The correction? Pick a time each evening, like shortly after dinner, to close the kitchen. Struggling with the question ‘Should I clean up that pint of ice cream while watching another episode?’ it’s much easier when you already know the answer.

If it’s anything other than water (or unsweetened coffee or tea), you’re taking in liquid calories that aren’t helping you feel fuller but are adding to your life.

Case in point? You’ll get about 125 calories from a 5-ounce glass of red wine, 150 calories from 12-ounce milk made with whole milk, or 170 calories from a 12-ounce bottle of sweetened iced tea.

This is not to say that calorie-containing drinks should be banned for life. But when you’re trying to lose weight, it’s worth minimizing it. And when you decide to have one, include it in your overall calorie intake for the day.

You know that cardio is a must for burning calories. But did you know? High-Intensity Interval Training (HIIT) — alternating short bursts of speed with slower recovery periods — can help you burn up to 30 percent more calories than other types of cardio in the same amount of time?

Best of all, you can fully incorporate HIIT into whatever workout you’re already doing. If you are walking, for example, try alternating 30 seconds of sprinting with 1 or 2 minutes of walking.

High-intensity cardio isn’t the only type of exercise that can help you burn mega calories. Strength training preserves and builds lean muscle mass, which helps your body burn more heat throughout the day.

In fact, a “2012″ study found that just 10 weeks of resistance exercise helped participants increase their calorie consumption by 7% and lose 4 pounds of body fat.

Full Disclosure: Meditating or journaling yourself probably won’t help you reach your weight loss goal.

But uncontrolled tension or anxiety can make it harder to lose weight, as excessive levels of the stress hormone cortisol can trigger the urge to snack and signal your body to store more fat.

If you want to give your eating and exercise efforts extra support, find something that helps you relax and unwind — and make it a regular part of your life.

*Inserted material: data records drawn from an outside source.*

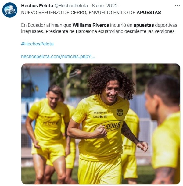 Según la información, el defensor paraguayo Williams Riveros había realizado apuestas deportivas en contra de Barcelona de Guayaquil, club para el que jugaba. Este hecho nunca se comprobó, pero lo que sí es cierto es que hasta el presidente del cuadro ecuatoriano salió a desmendir la situación.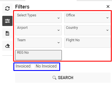 - You can make filtration by additional parameters in the Filter-bar: Service type, Office, Airport, Country, Team, Flight No, Reg No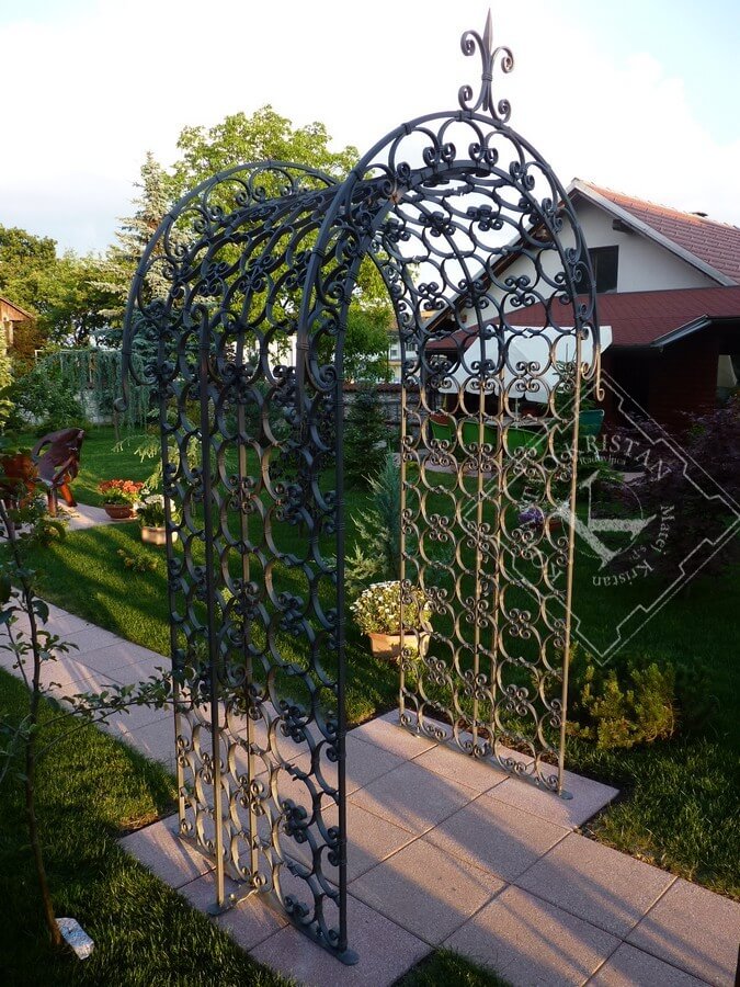 Kovane vrtne pergole za senco. Kovane brajde za grozdje. Oboki za vrtnice.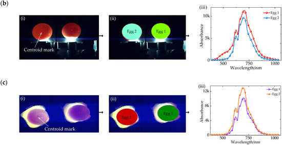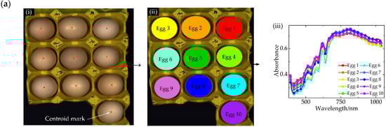 The freshness of eggs is related to their nutritional value. It is the most concerned index of processing companies and consumers, and an important index in transportation and processing [1]. It can be detected using traditional biochemical methods, but they are destructive, time-consuming, and inefficient. Therefore, non-destructive testing technology has significant advantages in the detection of egg freshness and has attracted wide attention. Currently, egg freshness is tested using non-destructive techniques of spectral analysis [2,3], dielectric property [4,5], electronic nose [6,7], machine vision [8,9], and hyperspectral testing [10,11,12]. Especially, machine vision method was established for egg freshness with an R (correlation coefficient) value of 0.8653 [8]. The prediction model was established using near-infrared spectroscopy with an R value of 0.879 [13]. The freshness model was established by testing the volatile concentration of eggs by electronic nose with a low efficiency, thus, it is not suitable for the dynamic testing of production line [7]. The egg freshness was tested using reflectance near-infrared hyperspectral with an R value of 0.879 [10], which could achieve rapid and non-destructive classification of egg freshness. However, the model precision could not be further improved due to the great influence of eggshell colors.

Sleep and weight are closely related — the less you sleep, the more likely you are to have higher body weight.

There are many factors at play, but a big problem is that sleep deprivation makes you hungry — research has found that it even makes people more likely to choose less healthy foods than healthier ones.

Your leanest game plan, then? Aim for 7 to 9 hours of closed eyes every night. This may help you reach your weight goal a little faster. (And at the very least, you’ll feel more rested!)